How to complete this task ->
Reproduce the listing in its entirety. Do not reproduce the pictures.

Collected data ->

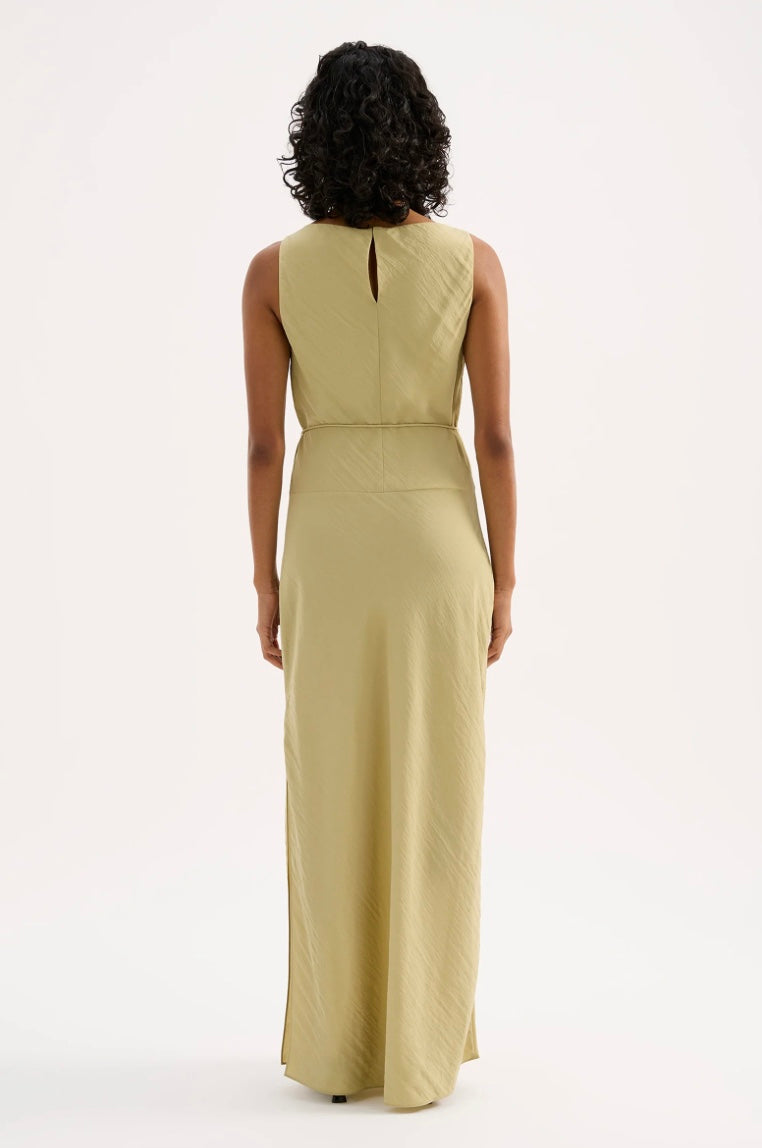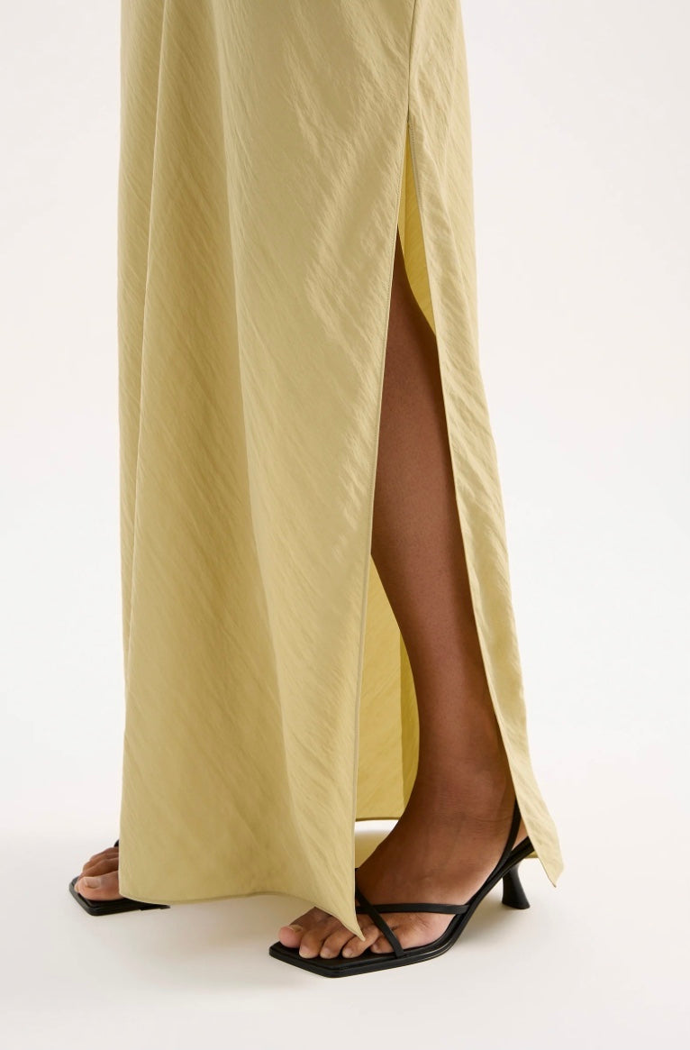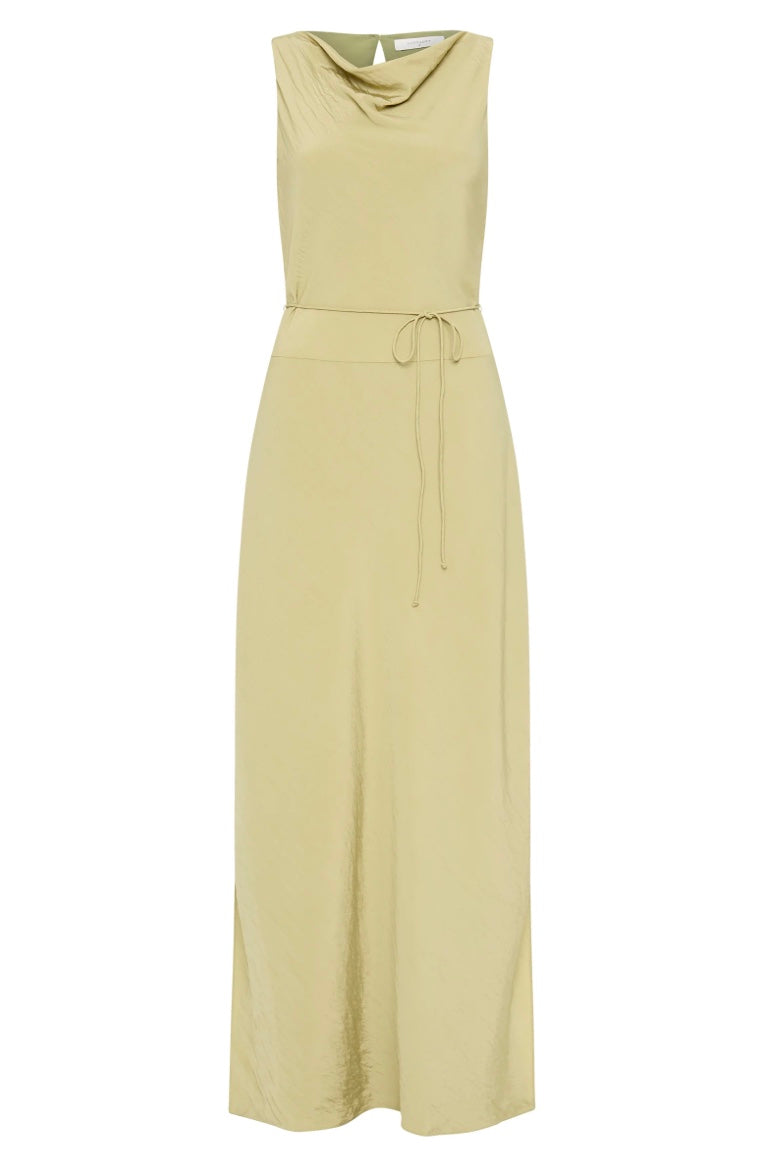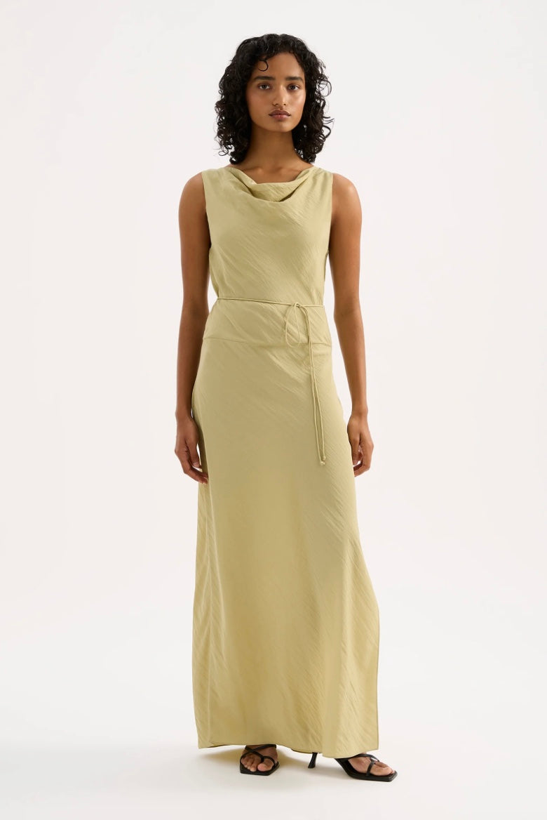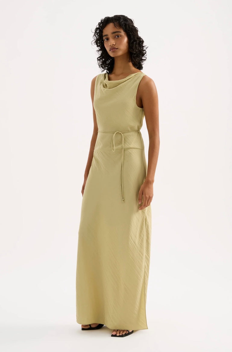 The Alia Maxi Dress is made from a viscose blend fabric which is lightweight and has a soft, textured hand feel. Cut on the bias, this silhouette drapes over the body softly and finishes at the ankles. Features include a soft cowl neckline, tie at waist and side seam slits.
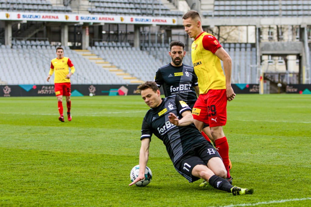 Jacek Podgórski dryblował pod chorągiewką, ale jego dośrodkowanie nie znalazło adresata.
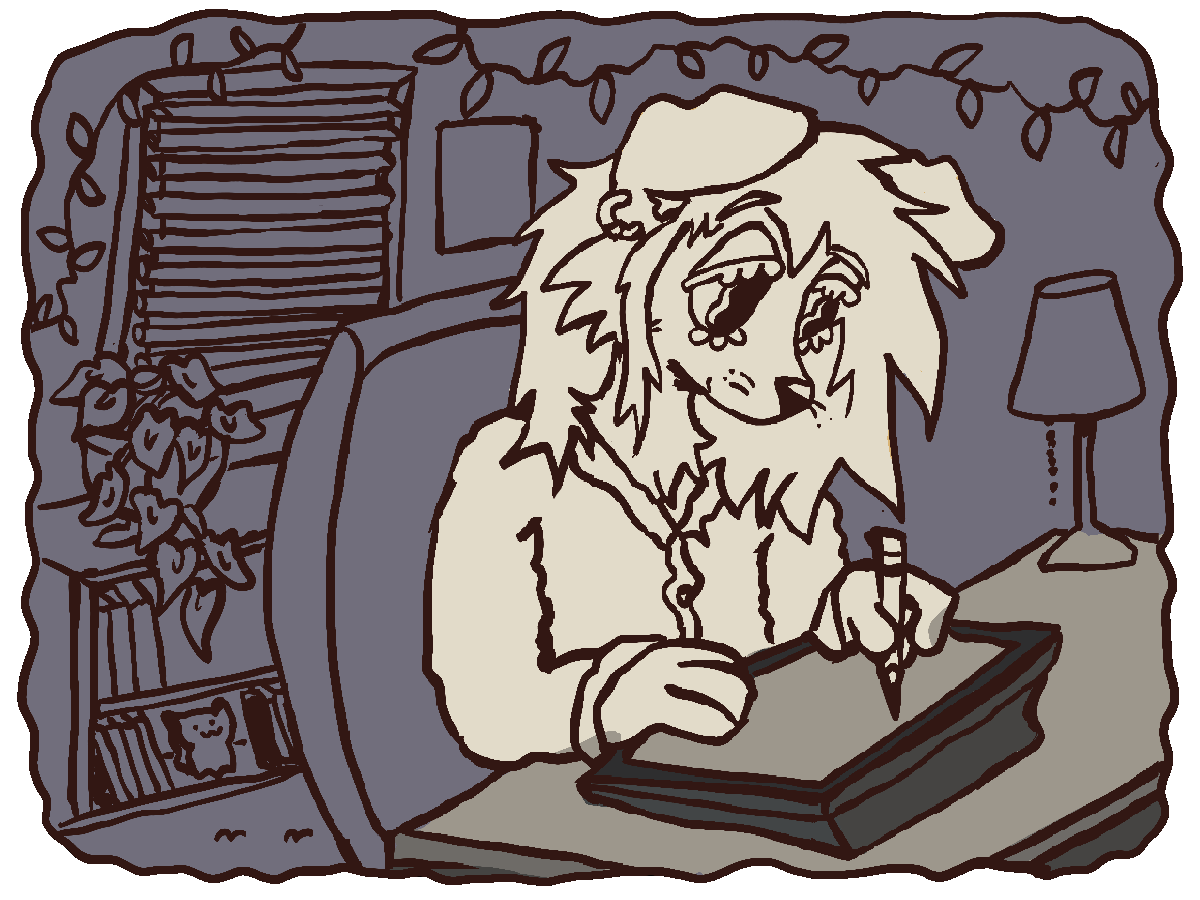 I am a constant emitting of light that lives in the computer and takes the shape of a coydog*, I am a nomad shaped by a kaleidoscope of experiences. Although my host-body is named Frances, he is 22, a butch, and an artist getting his degree in fine arts.What software do you use?

Solution for this exercise ->
 The Alia Maxi Dress is made from a viscose blend fabric which is lightweight and has a soft, textured hand feel. Cut on the bias, this silhouette drapes over the body softly and finishes at the ankles. Features include a soft cowl neckline, tie at waist and side seam slits.
 Jacek Podgórski dryblował pod chorągiewką, ale jego dośrodkowanie nie znalazło adresata.
 I am a constant emitting of light that lives in the computer and takes the shape of a coydog*, I am a nomad shaped by a kaleidoscope of experiences. Although my host-body is named Frances, he is 22, a butch, and an artist getting his degree in fine arts.What software do you use?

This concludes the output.